**Your assignment**
Could the listing below be reproduced exactly, minus its pictures?

**Data provided**
★ ★ ★ ★

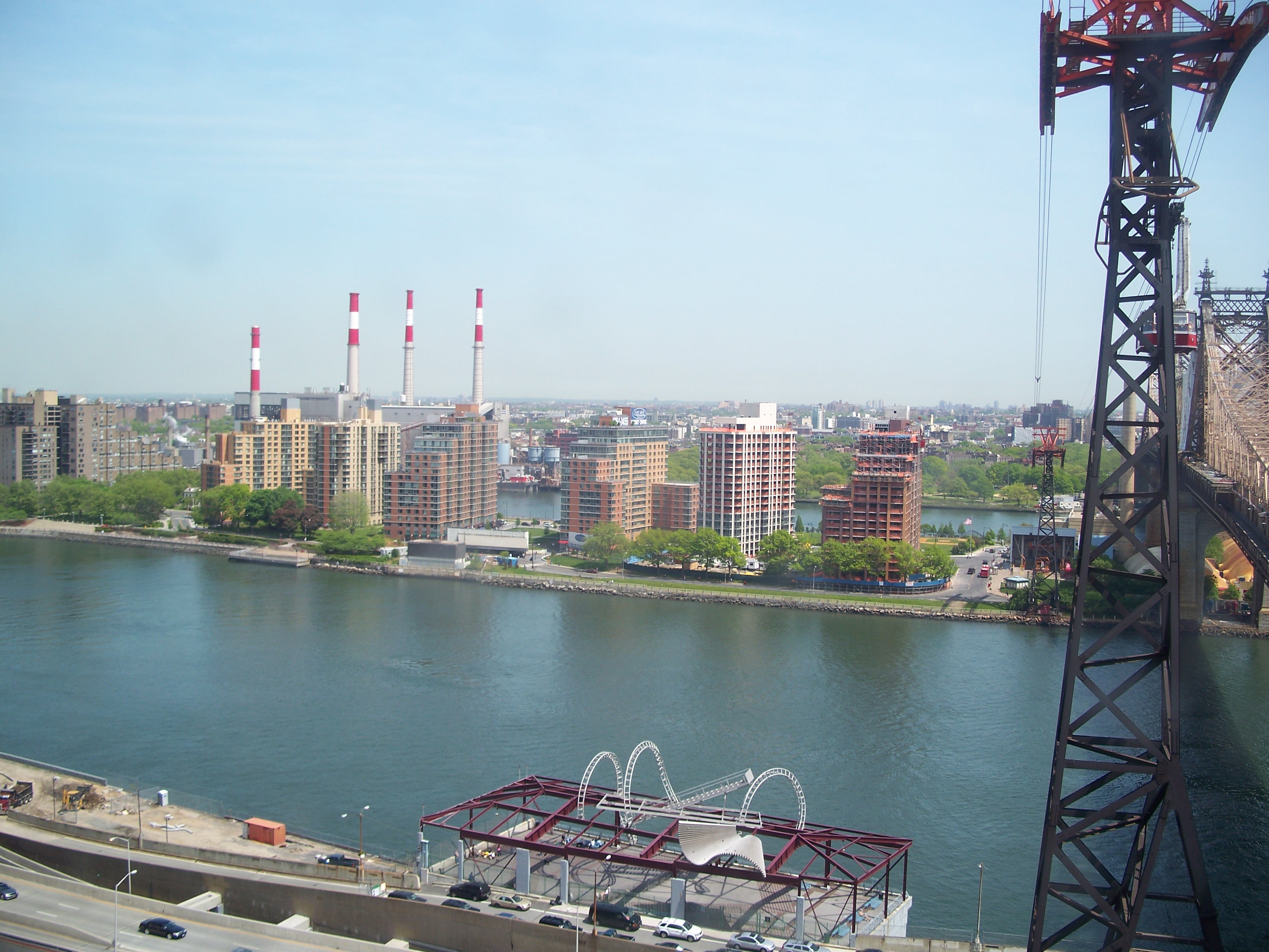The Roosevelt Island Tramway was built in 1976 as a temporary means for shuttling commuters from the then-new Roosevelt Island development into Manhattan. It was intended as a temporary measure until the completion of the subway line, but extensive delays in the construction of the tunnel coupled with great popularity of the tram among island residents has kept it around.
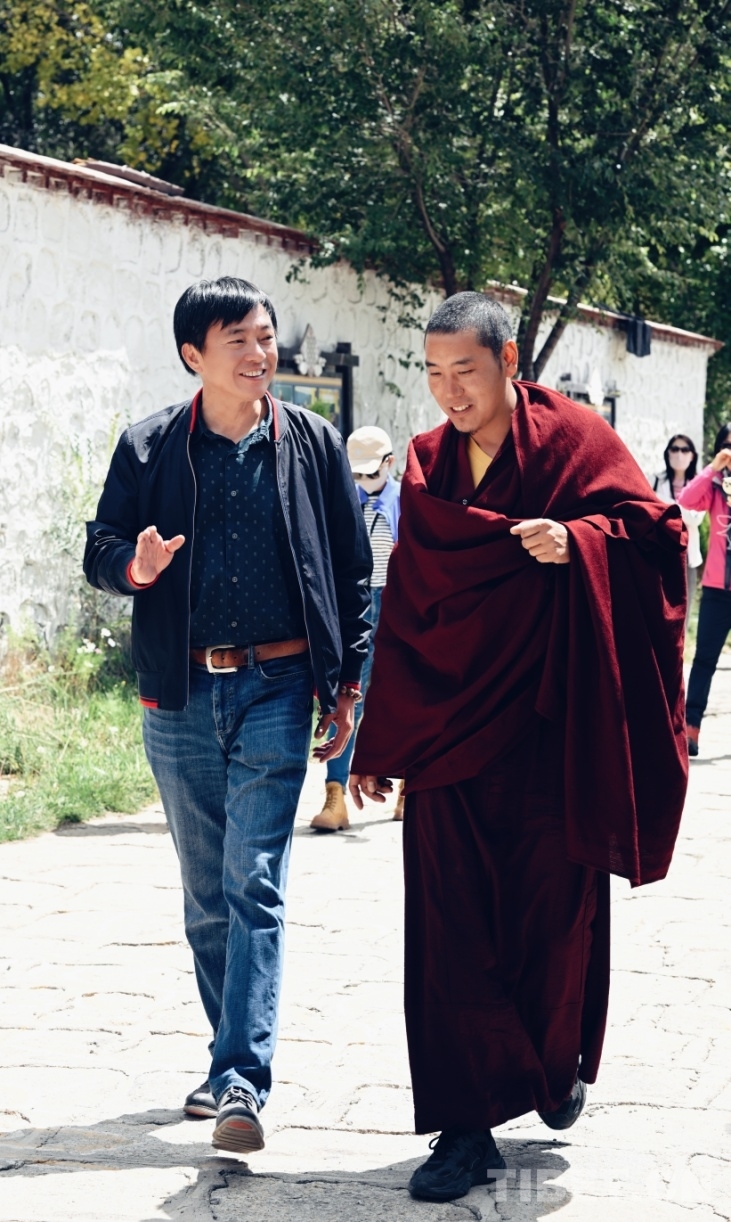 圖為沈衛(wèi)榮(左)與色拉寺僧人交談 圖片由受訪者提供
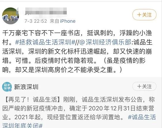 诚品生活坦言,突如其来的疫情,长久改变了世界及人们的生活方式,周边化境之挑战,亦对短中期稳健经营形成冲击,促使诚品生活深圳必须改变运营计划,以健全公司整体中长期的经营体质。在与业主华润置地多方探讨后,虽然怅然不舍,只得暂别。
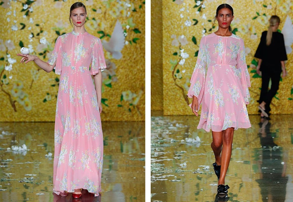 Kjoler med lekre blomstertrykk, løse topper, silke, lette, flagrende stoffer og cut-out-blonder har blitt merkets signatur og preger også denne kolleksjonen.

★ ★ ★ ★

**Exercise response**
The Roosevelt Island Tramway was built in 1976 as a temporary means for shuttling commuters from the then-new Roosevelt Island development into Manhattan. It was intended as a temporary measure until the completion of the subway line, but extensive delays in the construction of the tunnel coupled with great popularity of the tram among island residents has kept it around.
 圖為沈衛(wèi)榮(左)與色拉寺僧人交談 圖片由受訪者提供
 诚品生活坦言,突如其来的疫情,长久改变了世界及人们的生活方式,周边化境之挑战,亦对短中期稳健经营形成冲击,促使诚品生活深圳必须改变运营计划,以健全公司整体中长期的经营体质。在与业主华润置地多方探讨后,虽然怅然不舍,只得暂别。
 Kjoler med lekre blomstertrykk, løse topper, silke, lette, flagrende stoffer og cut-out-blonder har blitt merkets signatur og preger også denne kolleksjonen.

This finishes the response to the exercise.